КГБ оставался сказочным драконом со вставными зубами до той поры, пока жил в соседнем лесу. Визит же в Конуру какого-то капитана Романова, мягким голосом пригласившего гражданина Соловьева явиться на Лубянку, оглушил Вадима.
Вадим был дома один, когда пришел мягкоголосый капитан. Переступив порог, он цепко оглядел комнату и, остановившись, наконец, на хозяине, улыбнулся приятной улыбкой. Улыбнулся и Вадим — потерянно, ищуще.
— Ну, вы и забрались! — все улыбаясь, сказал капитан Романов. — Прямо шею можно сломать…
— Да вы садитесь, — сказал Вадим, не двигаясь с места. — Вы…
За этим «Вы» легко угадывалось «Кто же вы?», но Вадим и сам прочитал ответ в этой дружелюбно-покровительственной улыбке, в этом быстром и цепком, как у кошки, оглядывании. Так вот как они, значит, выглядят… Вадим чувствовал внутри себя гулкую литую пустоту, вдруг наступившую.
— Да нет, я ведь по делу, — сняв улыбку с лица, но совсем не грозно сказал капитан Романов. — Завтра… Площадь Дзержинского… подъезд… бюро пропусков…
Слова капитана журчали мимо Вадима, лишь задевая его. Только когда дверь за ним затворилась, Вадим тоскливо сообразил, что не помнит, когда ему надлежит явиться — в десять или в одиннадцать.

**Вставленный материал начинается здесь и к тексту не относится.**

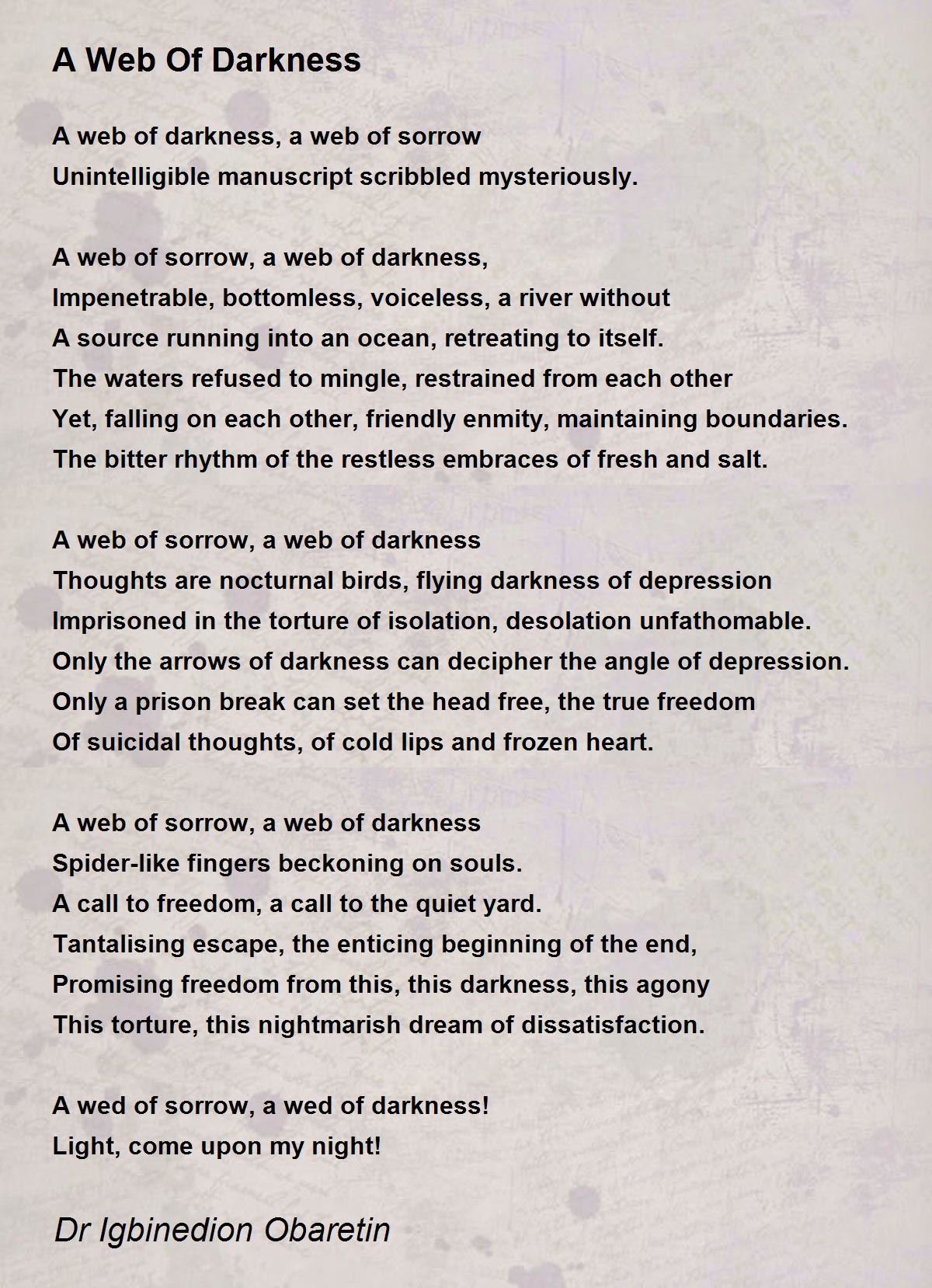 A web of sorrow, a web of darkness,

Он ухватился за эту свою забывчивость, и именно она его угнетала более всего. Ведь, может, этот самый капитан Романов сказал прийти в девять? Или в четыре? Если не прийти вовремя, они наверняка разозлятся. А за что его, собственно, вызывают? Он даже не спросил. А и спросил бы — этот капитан едва ли бы ответил. Неужели посадят? Но тогда зачем сначала вызывают? Э-э, лучше себе голову не ломать — зачем. Жалко только, что не на сегодня вызвали — быстрей бы все это кончилось. Так ведь они, наверно, специально потому и вызвали на завтра, чтоб помучить.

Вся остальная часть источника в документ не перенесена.